Alerjinizi "dondurma"yı düşündünüz mü?
Havaların ısınmasıyla birlikte dondurma sezonu da açılıyor. Alerjik çocuklar için dondurma yemek sağlıklı mı?
Dondurma yemeye ne zaman başlanmalı? Ne sıklıkla tüketilmeli? Dondurma ısırılarak mı yoksa yalanarak mı yenmeli? Sütlü mü, meyveli mi olmalı? Çikolatalı olmasının bir sakıncası var mı? Alerjik çocukları olan annelerin sorduğu bu soruların cevabını, Alerji Uzmanı Prof. Dr. Yonca Tabak veriyor.
Alerji Uzmanı Prof. Dr. Yonca Tabak; sevilen ve tüketilen bu gıdanın alerjik çocuklar açısından daha dikkatli tüketilmesi gerektiğine dikkat çekiyor. Sağlıklı çocuklara kıyasla alerjik çocukların daha kolay solunum yolu hastalıklarına yakalandıklarına ve daha zor atlatabildiklerine vurgu yapıyor. Prof. Dr. Tabak; “Dondurma deyince akla, soğuk olması, boğazı soğutması ve boğaz enfeksiyonlarına yatkınlık sağlaması geliyor. Üst solunum yolu enfeksiyonları ile mücadele eden bağışıklık sistemi hücreleri, savunma mekanizmasını oluşturuyor. Savunma hücreleri de damarlar yolu ile kanla boğaza ulaşıyor. Soğuk, damarları büzüştürüyor. Soğukta eller morarıyor ve üşüyor. Aynı şey boğaz için de geçerli oluyor. Soğuyan boğazda kan damarları büzüşüyor ve savunma hücreleri dokulara daha az ulaşmaya başlıyor. Bir viral enfeksiyon hali varsa ve üzerine dondurma yenmişse bunun üstesinden gelmek vücut için zorlaşıyor. Çünkü büzüşen damarlar nedeniyle savunma hücreleri o dokulara yeterince ulaşamıyor” diyerek oluşan duruma açıklık getiriyor.
Dondurmayı Yalayarak Yemek Gerekiyor!
Alerji Uzmanı Prof. Dr. Yonca Tabak; çocukların bu mevsimde dondurmayı yalayarak yemelerinin, yutmadan önce ağızda eriterek yenmesinin en sağlıklı yöntem olduğunu belirtiyor. Dondurmayı yeme aralığının, çocuğun hastalanma sıklığı ile ters orantılı olduğunu söylüyor. Yoğun alerji yaşayan ve çok sık hastalanan çocuğun ise okul ve enfeksiyon dönemi bitmeden kesinlikle dondurma yememesini önemle tavsiye ediyor.

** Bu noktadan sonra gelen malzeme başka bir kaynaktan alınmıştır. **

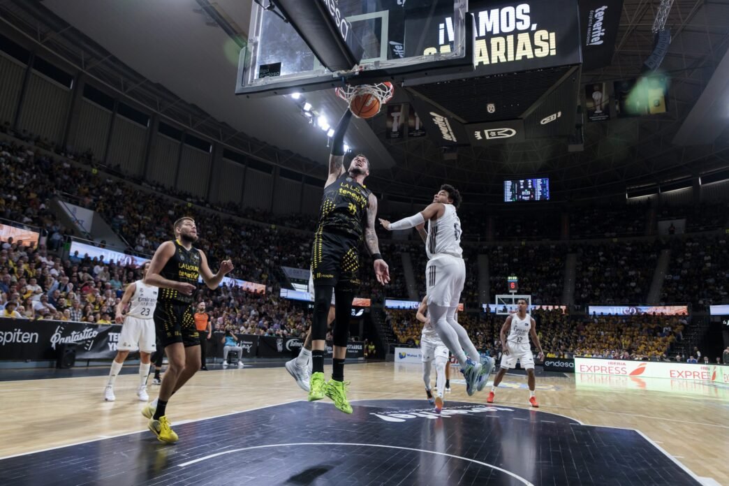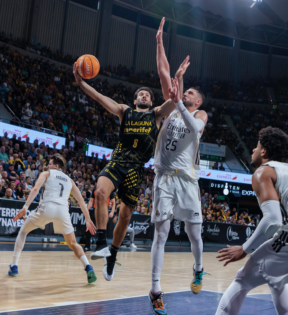 Es más, en varias ocasiones los tinerfeños tuvieron posesión para ponerse incluso por delante camino del cierre (48-49, 51-52, 53-54), pero no había manera. El Real Madrid cogió algo de oxígeno mediado el último cuarto (53-60, 63-69), pero encontró siempre la valiente reacción de los insulares. En ese escenario, y con el Santiago Martín totalmente volcado, un mate de Fran Guerra para el 65-69 y el posterior 3+1 de Aaron Doornekamp pusieron las tablas en el electrónico (69-69), con 49 segundos para el final y la caldera de los Majuelos en plena ebullición.

Alerjik Astımı Olan Çocuklar
Alerji Uzmanı Prof. Dr. Yonca Tabak; alerjik astımı olan çocukların % 80’in de reflü görüldüğünü, bu grubun %60’ında ise reflünün belirti göstermediğini bu duruma “sessiz reflü” denildiğini söylüyor. Bu durumun çocuklarda iştahsızlık, karın ağrısı, mide bulantısı, geğirme, hıçkırık, gece diş gıcırdatma gibi belli belirsiz yakınmalar ile reflüye işaret edebildiğine dikkat çekiyor. Kafeinin zehir yerine geçtiğini, mide asit salgısını arttırdığını ve mideyi saran kasları gevşeten bir madde olduğunu sözlerine ekliyor. Sıcak veya buzlu Çay, buzlu kahve ve kolalı içeceklerin bol kafein içerdiğini, en büyük gizli tehlikenin ise çikolatadan kaynaklandığını vurguluyor. Alerjik çocuklar için dondurma seçimi yapılırken kakaolu ve çikolatalı olmamasına özen gösterilmesi gerektiğine değiniyor.

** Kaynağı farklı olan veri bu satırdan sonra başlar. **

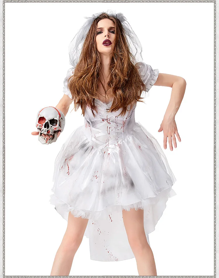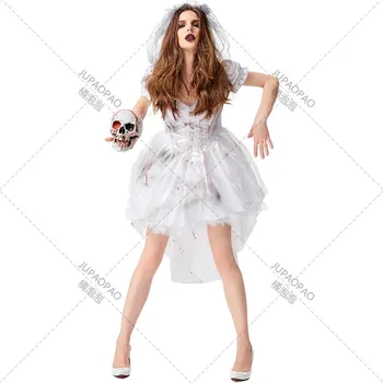 to mujer Halloween carnaval fantasma vampiro juego de rol uniforme, fantasma blanco novia sangre rop
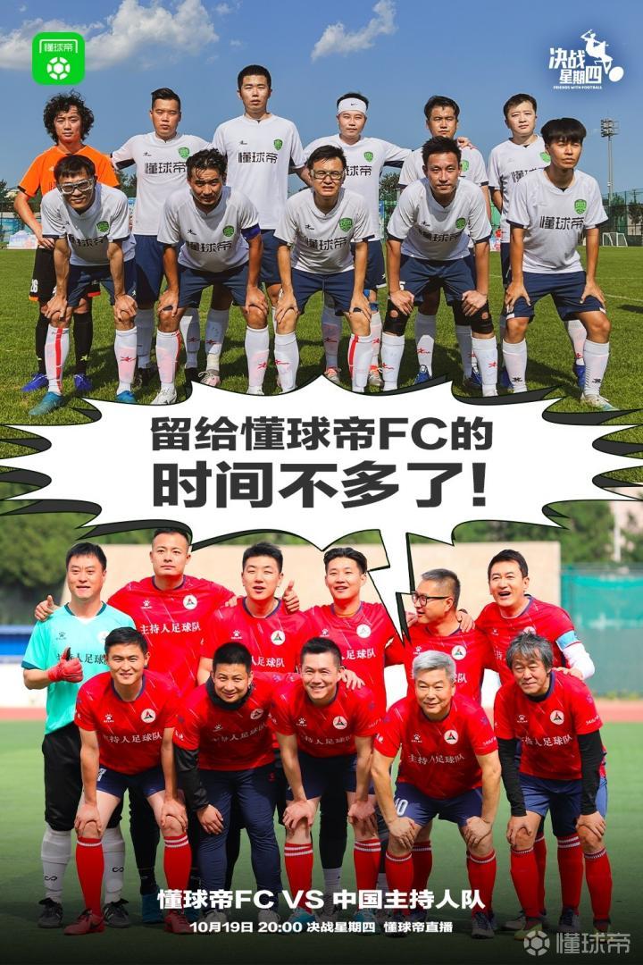 明天(10月19日)晚上20点,又一个元气满满的星期四,懂球帝FC将迎来一位重量级对手:中国主持人足球队!刘建宏老师、李响老师等大家耳熟能详的名嘴、知名编剧,也将参与到我们的“决战星期四”活动,将在绿茵场上和我们切磋一番。

Prof. Dr. Yonca Tabak; reflü sorunu yaşayan bir grup çocukta fark edilmeyen gizli bir süt hassasiyeti yaşanıyor olabileceğine de dikkat çekerek, süt hassasiyeti gerek alerjik mekanizmalarla gerekse gıda intoleransı mekanizmaları üzerinden sorun yaratabildiğini belirtiyor. Bu durumda dondurma tercihinin sütlüden yana değil meyveliden yana kullanılmasının yerinde olacağını vurguluyor.
Prof. Dr. Yonca Tabak; genellikle çok masum bir sütlü yaz tatlısı olarak görülen dondurmanın alerjik çocuklarda bilinçli tüketilmesi gerektiğini, her alerjik çocuğun kendi içinde özel olduğunu ve kendine özgü beslenmesinin esas alınmasının önemli olduğuna değiniyor.